----- Supplied material -----

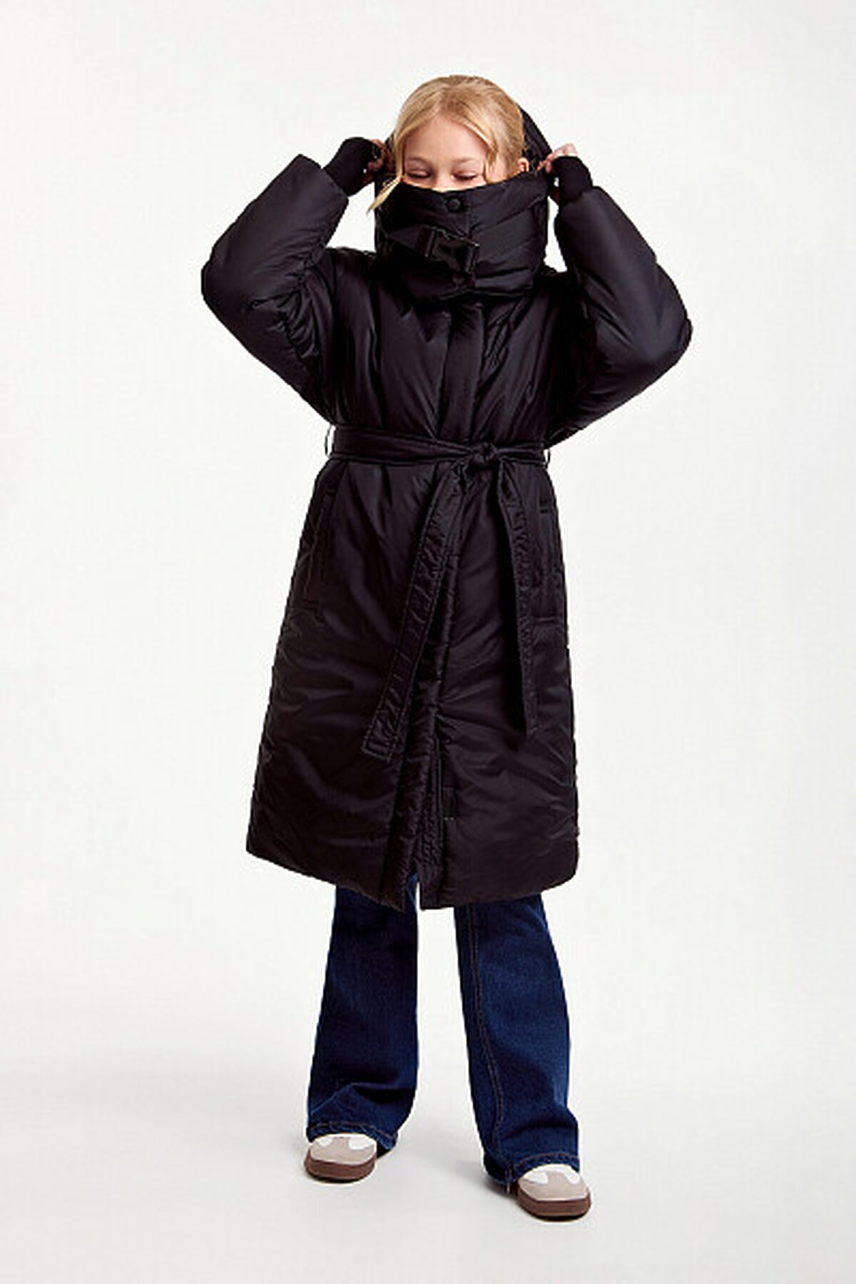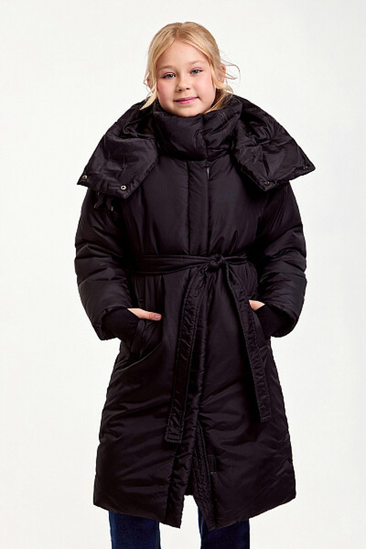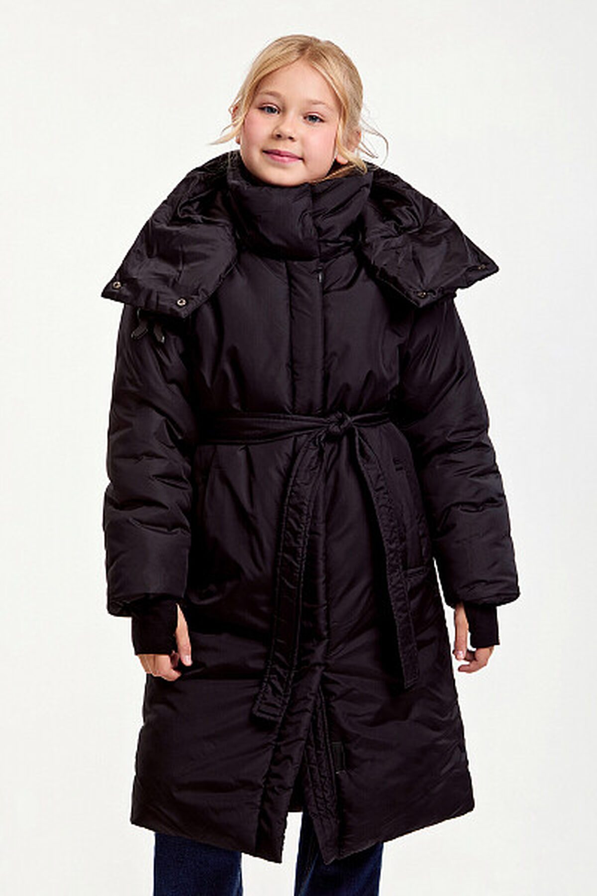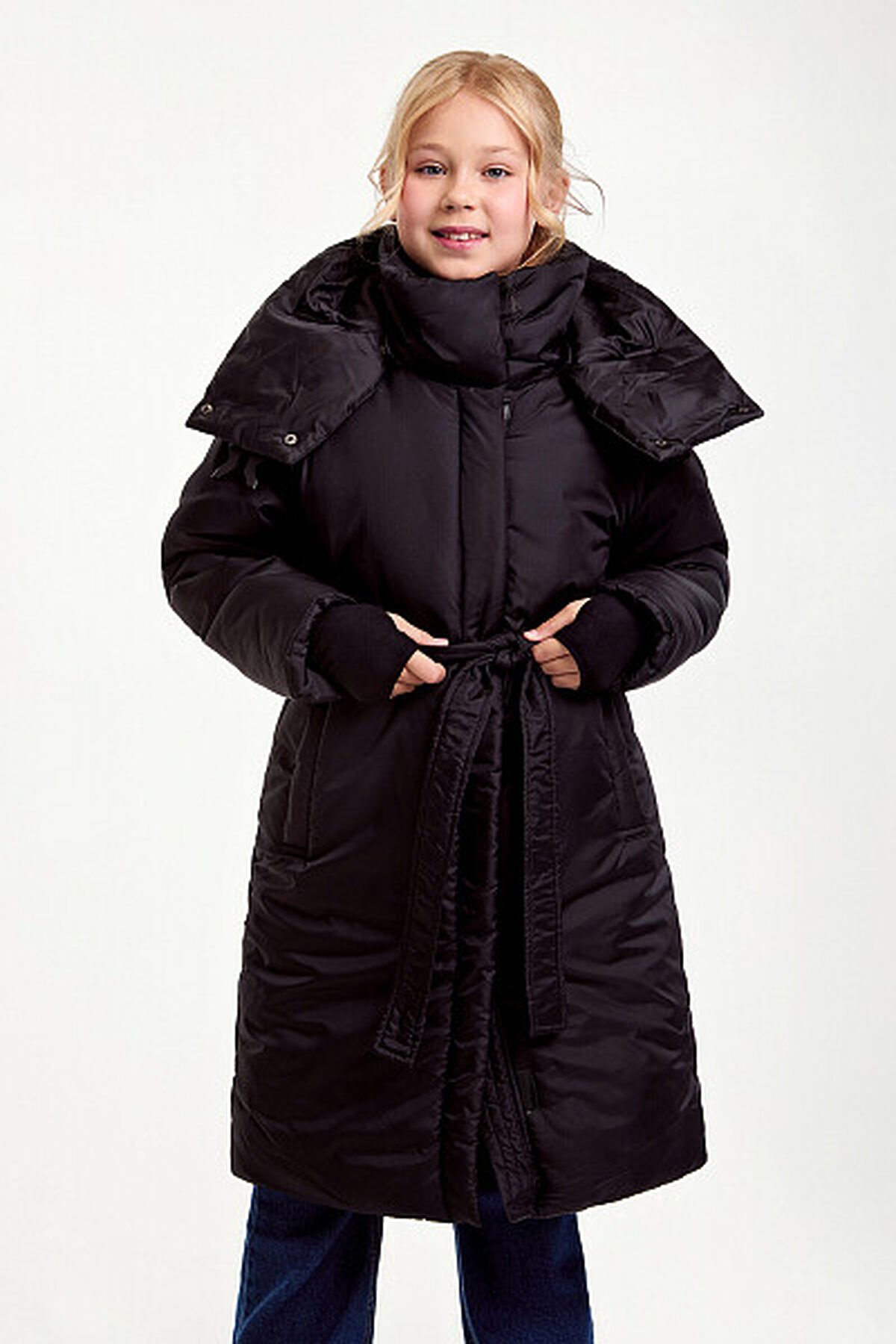 Зимнее пальто прямого силуэта с полиуретановым покрытием ткани, нанесенным на внутреннюю сторону, обеспечит водонепроницаемость, лямки с внутренней стороны куртки. Манжет из ткани «Soft Stretch» с прочной внешней поверхностью и мягким внутренним слоем с велюровым ворсом. Пальто дополнено поясом, который подчеркивает талию, а боковые карманы добавляют функциональности. Длина ниже колена обеспечивает дополнительное тепло в холодную погоду. Утеплитель пластовый синтепон 280 гр/м2. Рекомендованный температурный режим: 0/-15 градусов. Представлено в черном цвете. Размерный ряд 128 – 170 см.
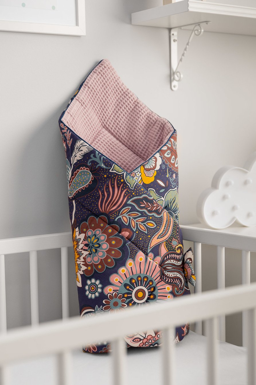 Pre novorodencov a dojčatá bol vytvorený obojstranná detská zavinovačka. Zapínanie na suchý zips umožňuje pohodlné držanie dieťaťa počas kŕmenia a spánku. Po rozvinutí sa môže použiť ako prikrývka na detskú postieľku alebo kočík. Môže sa použiť aj ako hracia podložka. Bol vyrobený zo 100% bavlny. Na jednej strane má potlač, na druhej strane štruktúru oblátky. Výplň je našuchorená silikónová netkaná textília.
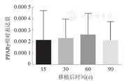 移植后15、30、60、90 d以及当受者发生aGVHD时,采集受者外周血各4 ml,分离外周血单个核细胞,加TRIzol冻存,以同期10例正常志愿者外周血样本作为正常对照。取处理后的外周血样本,提取细胞总RNA,采用RNA逆转录试剂盒(Promega公司)进行逆转录-聚合酶链反应(RT-PCR)合成cDNA。采用美国应用生物系统公司(Applied Biosystems)的SYBR Green PCR试剂盒,以肌动蛋白β(β-actin)为内参进行实时荧光定量PCR,对PPARγ、γ干扰素(IFN-γ)及T-bet mRNA表达水平进行定量检测。基因表达量由相对内参表达倍数表示,计算方法为2-ΔCT,ΔCT=待测基因CT值-内参CT值。
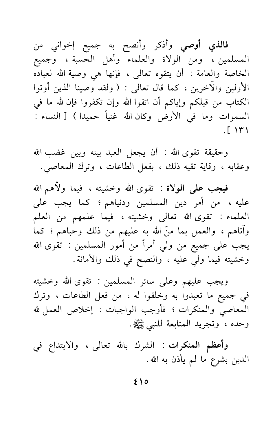 فالذي أوصي وأذكر وأنصح به جميع إخواني من المسلمين، ومن الولاة والعلماء وأهل الحسبة، وجميع الخاصة والعامة: أن يتقوه تعالى، فإنها هي وصية الله لعباده الأولين والآخرين، كما قال تعالى: {وَلَقَدْ وَصَّيْنَا الَّذِينَ أُوتُوا الْكِتَابَ مِنْ قَبْلِكُمْ وَإِيَّاكُمْ أَنِ اتَّقُوا اللَّهَ وَإِنْ تَكْفُرُوا فَإِنَّ لِلَّهِ مَا فِي السَّمَاوَاتِ وَمَا فِي الأَرْضِ وَكَانَ اللَّهُ غَنِيّاً حَمِيداً} [سورة النساء آية: 131] .

-----

• Task requirements
Set down the data above verbatim, omitting every image.

• Problem solution
 Зимнее пальто прямого силуэта с полиуретановым покрытием ткани, нанесенным на внутреннюю сторону, обеспечит водонепроницаемость, лямки с внутренней стороны куртки. Манжет из ткани «Soft Stretch» с прочной внешней поверхностью и мягким внутренним слоем с велюровым ворсом. Пальто дополнено поясом, который подчеркивает талию, а боковые карманы добавляют функциональности. Длина ниже колена обеспечивает дополнительное тепло в холодную погоду. Утеплитель пластовый синтепон 280 гр/м2. Рекомендованный температурный режим: 0/-15 градусов. Представлено в черном цвете. Размерный ряд 128 – 170 см.
 Pre novorodencov a dojčatá bol vytvorený obojstranná detská zavinovačka. Zapínanie na suchý zips umožňuje pohodlné držanie dieťaťa počas kŕmenia a spánku. Po rozvinutí sa môže použiť ako prikrývka na detskú postieľku alebo kočík. Môže sa použiť aj ako hracia podložka. Bol vyrobený zo 100% bavlny. Na jednej strane má potlač, na druhej strane štruktúru oblátky. Výplň je našuchorená silikónová netkaná textília.
 移植后15、30、60、90 d以及当受者发生aGVHD时,采集受者外周血各4 ml,分离外周血单个核细胞,加TRIzol冻存,以同期10例正常志愿者外周血样本作为正常对照。取处理后的外周血样本,提取细胞总RNA,采用RNA逆转录试剂盒(Promega公司)进行逆转录-聚合酶链反应(RT-PCR)合成cDNA。采用美国应用生物系统公司(Applied Biosystems)的SYBR Green PCR试剂盒,以肌动蛋白β(β-actin)为内参进行实时荧光定量PCR,对PPARγ、γ干扰素(IFN-γ)及T-bet mRNA表达水平进行定量检测。基因表达量由相对内参表达倍数表示,计算方法为2-ΔCT,ΔCT=待测基因CT值-内参CT值。
 فالذي أوصي وأذكر وأنصح به جميع إخواني من المسلمين، ومن الولاة والعلماء وأهل الحسبة، وجميع الخاصة والعامة: أن يتقوه تعالى، فإنها هي وصية الله لعباده الأولين والآخرين، كما قال تعالى: {وَلَقَدْ وَصَّيْنَا الَّذِينَ أُوتُوا الْكِتَابَ مِنْ قَبْلِكُمْ وَإِيَّاكُمْ أَنِ اتَّقُوا اللَّهَ وَإِنْ تَكْفُرُوا فَإِنَّ لِلَّهِ مَا فِي السَّمَاوَاتِ وَمَا فِي الأَرْضِ وَكَانَ اللَّهُ غَنِيّاً حَمِيداً} [سورة النساء آية: 131] .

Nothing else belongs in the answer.